■ **Task brief**
Could you copy every record below exactly, leaving out the pictures?

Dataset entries

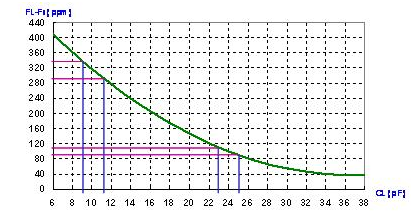 在圖中, CL=24 pF 時的頻率敏感度是10 ppm/pF, 及CL=10 pF時的頻率敏感度是20 ppm/pF. 在并聯(lián)線路中, 負載電容越小, 頻率對負載電容變化的敏感度越高. 相反的, 負載電容越大, 頻率對負載電容變化的敏感度越低. 這就是石英晶體共振子用于VCXO線路上時, 線路設計上會選用較小負載電容. 反之, 在要求較準確的頻率信號時, 線路設計上會選用較高的負載電容.
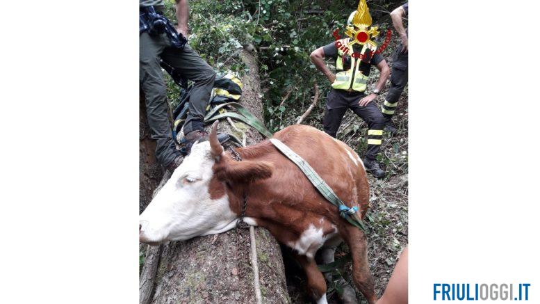 Una mucca è stata recuperata dai vigili del fuoco con l’elicottero, dopo essere caduta lungo un pendio nella zona di Mione di Ovaro.
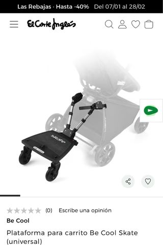 Accesorio para carrito de bebé que permite que un niño mayor viaje de pie o sentado. - Marca: Be Cool - Modelo: Skate - Incluye asiento y manillar. - Ruedas giratorias para facilitar el movimiento.
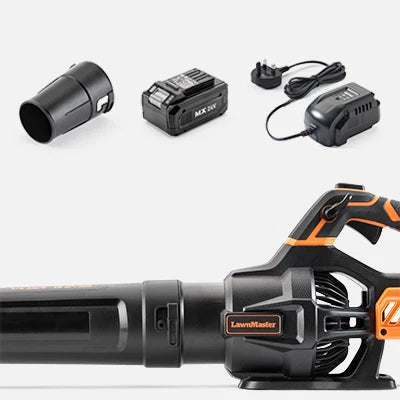 Este soplador de hojas axial funciona con una batería MX de 24 V y 4,0 Ah (se vende por separado), que ofrece hasta 240 minutos de autonomía a baja velocidad o hasta 11 minutos en modo Turbo. Una alternativa más limpia y ecológica a los sopladores de hojas de gasolina.
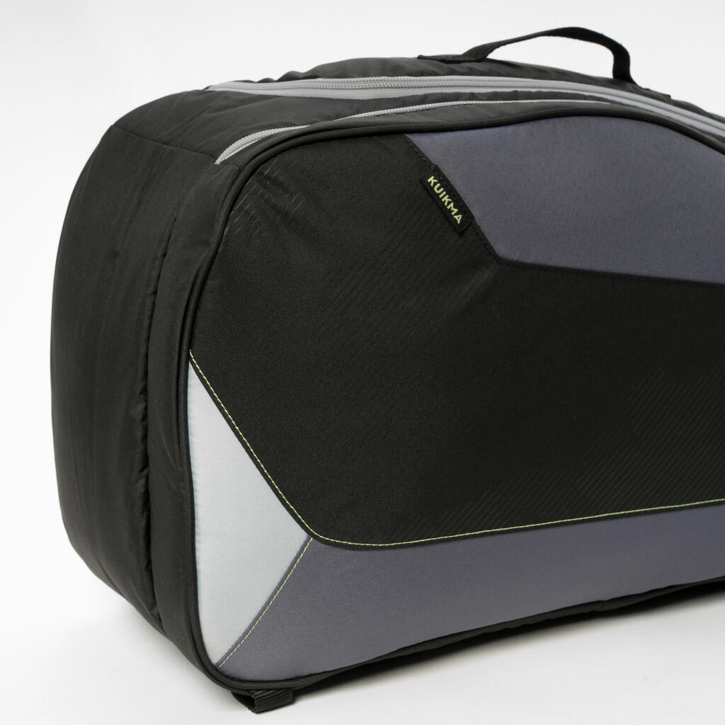 Dobra torba za padel tenis mora imeti prostor za vso vašo opremo, da vam prihrani čas, ko se odpravite na igrišče in pri pakiranju. V ta namen Kuikma ponuja torbo PL Team z dvema velikima predelkoma, od katerih je eden ločen, tako da lahko udobno in varno prenašate svoje loparje. Ima tudi manjše dodatne žepe za dodatke.
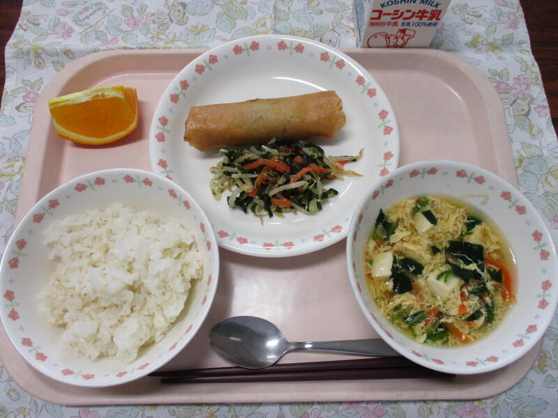 一覧へ 今日の給食 日時 2026年02月02日(月) 公開対象 給食メニュー 詳細 ごはん ★てづくり春巻き のりナムル たまごスープ オレンジ(柑橘果物) 牛乳 作成者 旭小学校 更新日時 2026-02-03 14:43:30
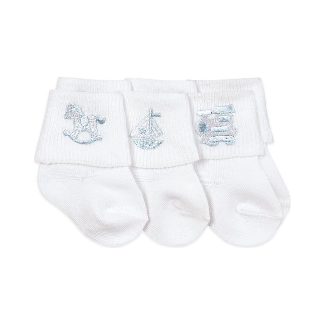Baby boy classic white turn cuffs with light blue embroidered pattern appliques. These socks feature an ultra-smooth toe for added softness that provides unsurpassed comfort. These soft cotton socks are perfect for newborn babies, infants, and toddlers.
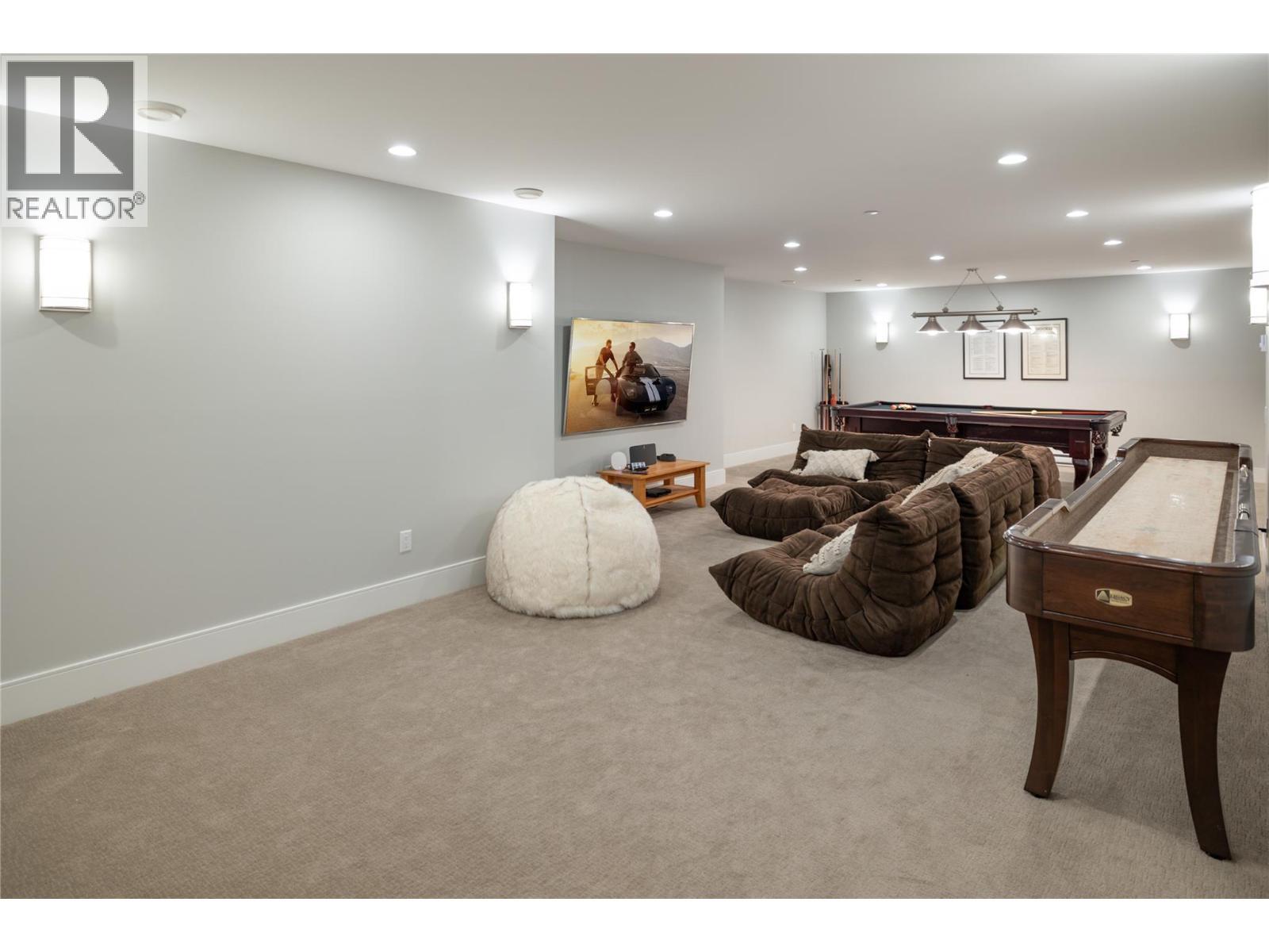 Where privacy meets nature. A treelined driveway at the end of a quiet cul-de-sac opens to a park-like, meticulously landscaped, fully-fenced .67-acre yard adjoining Predator Ridge's trails and green space. Rare for the community, this expansive lot offers sweeping southern views, triple garage plus RV parking with room to breathe. Step inside this captivating custom 2015 Wesbild prairie-style rancher and experience seamless one-level living, where sun-drenched open spaces and cathedral ceilings blur the line between inside and out. The showpiece kitchen features a nine foot island with Sub-Zero, Miele & Wolf appliances, perfect for everyday living and entertaining. A 1520 square foot south-facing covered veranda that is sun-drenched in winter and naturally shaded in summer, creates the perfect outdoor lounge, dining, and entertaining space year-round. Two primary suites with ensuites and walk-in closets, two additional bedrooms, soundproofed media room with 80"" TV and surround sound, custom cabinetry, LUTRON lighting and CAT-5 throughout. Heated epoxy-floored triple garage with workshop plus RV/boat parking. An 720 sf lower-level games and recreation room completes this exceptional home. A rare rancher where lot, location and lifestyle align. PREDATOR RIDGE IS EXEMPT FROM BC SPECULATION AND VACANCY TAX. (id:6769)

■ **Response to this exercise**
 在圖中, CL=24 pF 時的頻率敏感度是10 ppm/pF, 及CL=10 pF時的頻率敏感度是20 ppm/pF. 在并聯(lián)線路中, 負載電容越小, 頻率對負載電容變化的敏感度越高. 相反的, 負載電容越大, 頻率對負載電容變化的敏感度越低. 這就是石英晶體共振子用于VCXO線路上時, 線路設計上會選用較小負載電容. 反之, 在要求較準確的頻率信號時, 線路設計上會選用較高的負載電容.
 Una mucca è stata recuperata dai vigili del fuoco con l’elicottero, dopo essere caduta lungo un pendio nella zona di Mione di Ovaro.
 Accesorio para carrito de bebé que permite que un niño mayor viaje de pie o sentado. - Marca: Be Cool - Modelo: Skate - Incluye asiento y manillar. - Ruedas giratorias para facilitar el movimiento.
 Este soplador de hojas axial funciona con una batería MX de 24 V y 4,0 Ah (se vende por separado), que ofrece hasta 240 minutos de autonomía a baja velocidad o hasta 11 minutos en modo Turbo. Una alternativa más limpia y ecológica a los sopladores de hojas de gasolina.
 Dobra torba za padel tenis mora imeti prostor za vso vašo opremo, da vam prihrani čas, ko se odpravite na igrišče in pri pakiranju. V ta namen Kuikma ponuja torbo PL Team z dvema velikima predelkoma, od katerih je eden ločen, tako da lahko udobno in varno prenašate svoje loparje. Ima tudi manjše dodatne žepe za dodatke.
 一覧へ 今日の給食 日時 2026年02月02日(月) 公開対象 給食メニュー 詳細 ごはん ★てづくり春巻き のりナムル たまごスープ オレンジ(柑橘果物) 牛乳 作成者 旭小学校 更新日時 2026-02-03 14:43:30
Baby boy classic white turn cuffs with light blue embroidered pattern appliques. These socks feature an ultra-smooth toe for added softness that provides unsurpassed comfort. These soft cotton socks are perfect for newborn babies, infants, and toddlers.
 Where privacy meets nature. A treelined driveway at the end of a quiet cul-de-sac opens to a park-like, meticulously landscaped, fully-fenced .67-acre yard adjoining Predator Ridge's trails and green space. Rare for the community, this expansive lot offers sweeping southern views, triple garage plus RV parking with room to breathe. Step inside this captivating custom 2015 Wesbild prairie-style rancher and experience seamless one-level living, where sun-drenched open spaces and cathedral ceilings blur the line between inside and out. The showpiece kitchen features a nine foot island with Sub-Zero, Miele & Wolf appliances, perfect for everyday living and entertaining. A 1520 square foot south-facing covered veranda that is sun-drenched in winter and naturally shaded in summer, creates the perfect outdoor lounge, dining, and entertaining space year-round. Two primary suites with ensuites and walk-in closets, two additional bedrooms, soundproofed media room with 80"" TV and surround sound, custom cabinetry, LUTRON lighting and CAT-5 throughout. Heated epoxy-floored triple garage with workshop plus RV/boat parking. An 720 sf lower-level games and recreation room completes this exceptional home. A rare rancher where lot, location and lifestyle align. PREDATOR RIDGE IS EXEMPT FROM BC SPECULATION AND VACANCY TAX. (id:6769)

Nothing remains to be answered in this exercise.